July 12, 1999|By DAVE McMILLION, Charles Town

CHARLES TOWN, W.Va. - Saying growth in the Eastern Panhandle could "decrease the quality of life" if it is not planned properly, the Charles Town City Council passed a resolution Monday night encouraging local goverments to work together on the issue.

Under the resolution, the city would work cooperatively with the Jefferson County Commissioners on growth issues, said city council member Matt Ward.

The city will also encourage other towns in the county to adopt similar resolutions, said Ward.

The issue may cross county lines also, said Ward.

Ward said Sen.

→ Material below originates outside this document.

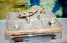 An Eastern-Han pottery model of a rice paddy field with farmers
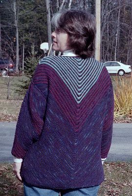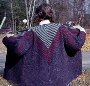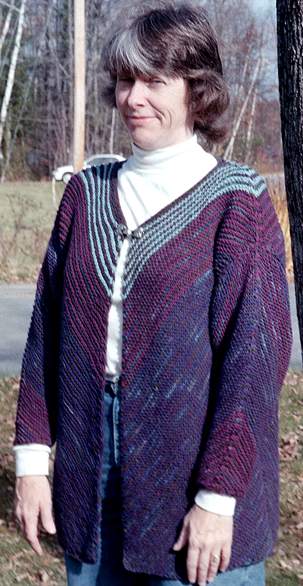 This is the Pyramid Jacket from Interweave Knits Fall 2000. I used three colors of Brown Sheep Cotton Fleece and Barbara Lundy Stone beaded cotton in the Tapestry colorway. The jacket is VERY comfortable and drapey. I may yet decide to convert it into a pullover with a cable up the front! I worked from the schematic and changed the gauge without much problem...

John Unger, D-Berkeley, told him there are a group of business leaders in Berkeley County who are concerned that urban sprawl could hurt their ability to do business.

Ward said Unger told him the group of bankers, developers and other business people are willing to commit money for a development plan for the area.


"John Unger wants us to work regionally," Ward said at the council meeting.

The resolution passed with little discussion.

Charles Town started dealing with future growth in January when it zoned 150 acres along W.Va. 9 east neighborhood residential.

The new zone allows light commercial development in residential areas, which is designed to create communities.

The idea is to create self-sustaining communities were people can walk to businesses, reducing the need for cars and cutting down on congestion, said Mayor Randy Hilton.

Other areas are feeling growth as well.

Shepherdstown was the second-fastest growing town in the state between 1990 and 1998, going from a population of 1,287 to 1,697, according to the U.S. Census.

The Jefferson County Planning Commission is also looking at changing its zoning regulations.

Among the changes is allowing privately-owned federal training facilities like the Clarion Hotel and Conference Center in Shepherdstown to be built in the county's rural zones.